This FastAPI endpoint handles the full flow for automated product listing generation:

- **Accepts**: Multiple uploaded product images via `POST`.
- **Processes**:
  - Saves images temporarily.
  - Sends them to the `generate_fast()` function (LLaVA model) to extract structured product details.
- **Chains to**: A Mistral backend (`/generate-listing`) to turn raw details into a formatted product listing.
- **Returns**: Final cleaned JSON object (`listing_section`) containing:
  - `Title`
  - `Category`
  - `Attributes`
  - `KeyFeatures`
  - `UseCase`
  - `Perfectly Accurate Detailed Description`

In [None]:
import os
import requests
from fastapi import FastAPI, UploadFile, File
from fastapi.responses import JSONResponse
from pyngrok import ngrok
import nest_asyncio
import uvicorn

# Initialize FastAPI app
app = FastAPI()

# Define a temporary directory for image uploads
tmp_dir = "tmp_uploads"

@app.post("/analyze-product")
async def analyze_product(images: list[UploadFile] = File(...)):
    os.makedirs(tmp_dir, exist_ok=True)
    paths = []

    try:
        # Step 1: Save uploaded image files to disk
        for img_file in images:
            contents = await img_file.read()
            tmp_path = os.path.join(tmp_dir, f"{img_file.filename}")
            with open(tmp_path, 'wb') as f:
                f.write(contents)
            paths.append(tmp_path)

        # Step 2: Run LLaVA to extract visual information from images
        PROMPT = (
            "Extract everything you can see in the image(s) and output exactly one JSON object "
            "with keys: Title, Category, Attributes, KeyFeatures, UseCase, Perfectly Accurate Detailed Description. "
            "Only include details you can confirm visually."
            "Format the JSON properly with double quotes."
        )
        output = generate_fast(paths, PROMPT)

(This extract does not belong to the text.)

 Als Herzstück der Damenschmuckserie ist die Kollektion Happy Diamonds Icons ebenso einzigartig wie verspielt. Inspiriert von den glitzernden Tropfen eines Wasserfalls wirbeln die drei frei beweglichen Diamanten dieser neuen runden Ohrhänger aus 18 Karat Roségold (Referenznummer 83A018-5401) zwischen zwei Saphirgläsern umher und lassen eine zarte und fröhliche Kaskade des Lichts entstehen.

        # Log LLaVA output for debugging
        print("\n=== LLaVA RAW OUTPUT ===\n", output, "\n=========================\n")

        # Step 3: Send LLaVA output to Mistral API for further generation
        mistral_url = os.getenv("MISTRAL_API_URL", "MISTRAL-MODEL-NGROK-API-URL").rstrip("/") + "/generate-listing"
        try:
            resp = requests.post(mistral_url, json={"llava_output": output})
            mistral_output = resp.json()
        except Exception as e:
            mistral_output = {"error": f"Failed to call Mistral: {e}"}

        # Log Mistral output for debugging
        print("\n=== MISTRAL LISTING OUTPUT ===\n", mistral_output, "\n=============================\n")

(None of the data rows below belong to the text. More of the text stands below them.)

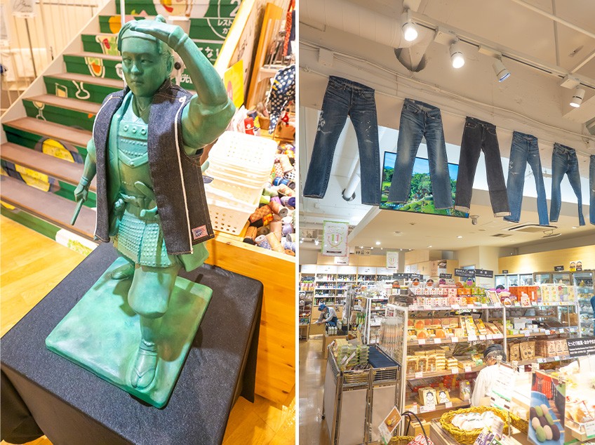 期間中、岡山県が世界に誇る児島地区のデニム一色になる本イベント。店内には、同地区の観光地「児島ジーンズストリート」をイメージしたジーンズの装飾をはじめ、デニム地のオリジナル陣羽織を纏ったここだけでしか見られない“桃太郎像”も登場。
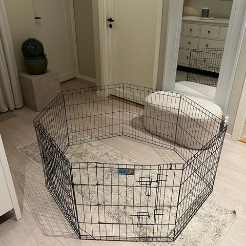 Fleksibel og enkel å montere opp og ned. 8 moduler med 78 cm bredde. En av modulene har en port med 20 cm høy terskel. Solid som bare det.
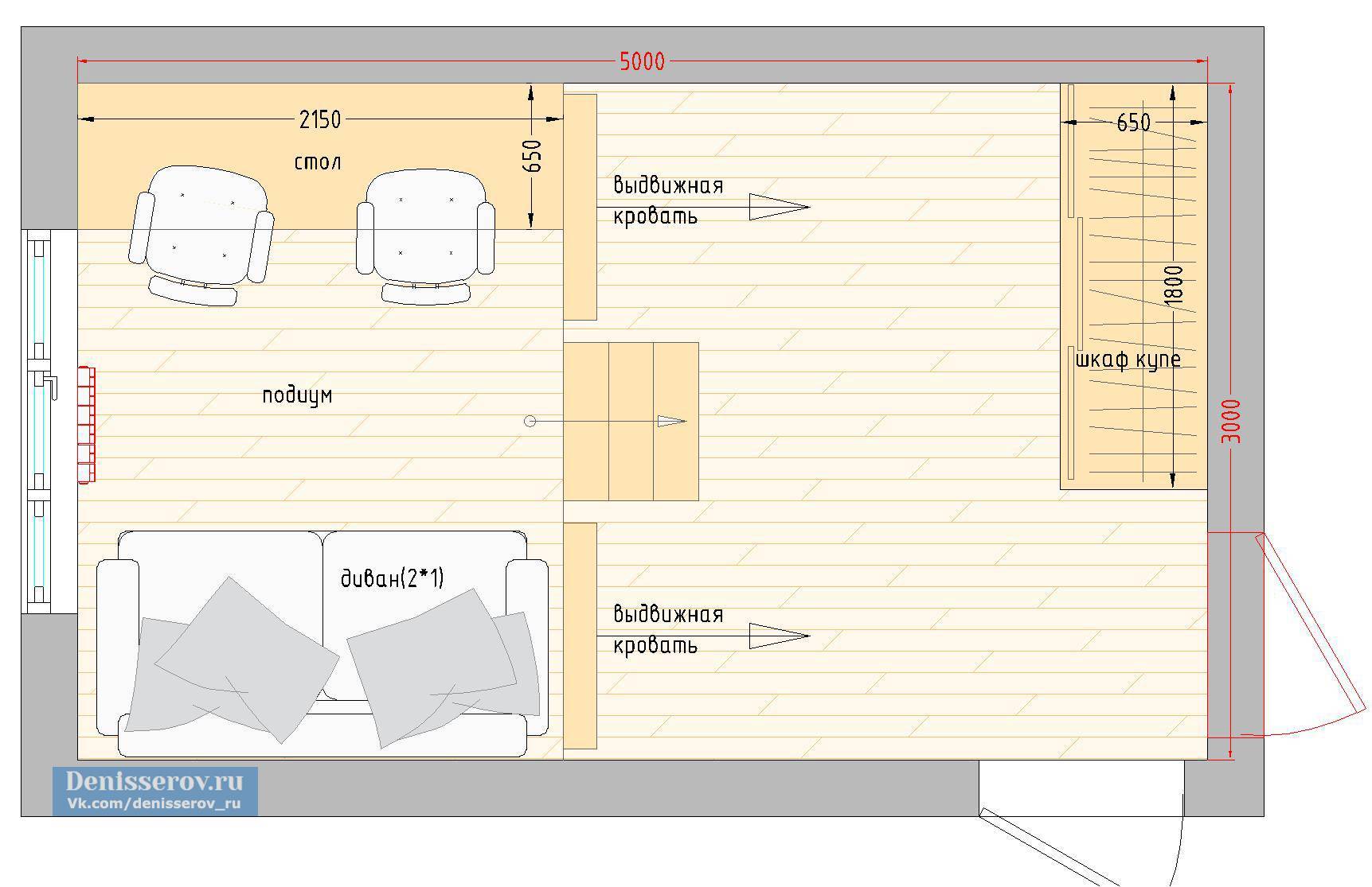 Если вход расположен напротив окна, то с двух сторон возле него ставят кровати. Все остальные предметы расставляют буквой «П». Для детской комнаты заказывают и выдвижные конструкции, которые легко скрываются под подиумом.

        # Step 4: Extract only the final JSON listing section from Mistral's output
        raw_text = mistral_output.get('raw_mistral_output', "")
        last_title_idx = raw_text.rfind('"title"')

        if last_title_idx != -1:
            start_idx = raw_text.rfind('{', 0, last_title_idx)
            end_idx = raw_text.rfind('}')
            if start_idx != -1 and end_idx != -1 and end_idx > start_idx:
                listing_section = raw_text[start_idx:end_idx + 1]
            else:
                listing_section = raw_text
        else:
            listing_section = raw_text

        print("=== LISTING SECTION ===", listing_section, "========================")

        # Step 5: Return the structured listing section as JSON
        return JSONResponse({
            "listing_section": listing_section
        })

    finally:
        # Step 6: Clean up uploaded image files
        for p in paths:
            if os.path.exists(p):
                os.remove(p)


# Start FastAPI server with ngrok tunneling
NGROK_TOKEN = "YOUR-NGROK-TOKEN-HERE"  # Replace with your own
ngrok.set_auth_token(NGROK_TOKEN)
ngrok_tunnel = ngrok.connect(8000)
print(f'🌐 LLaVA API URL: {ngrok_tunnel.public_url}')

# Enable asyncio compatibility
nest_asyncio.apply()

# Run FastAPI app using Uvicorn
uvicorn.run(app, host="0.0.0.0", port=8000)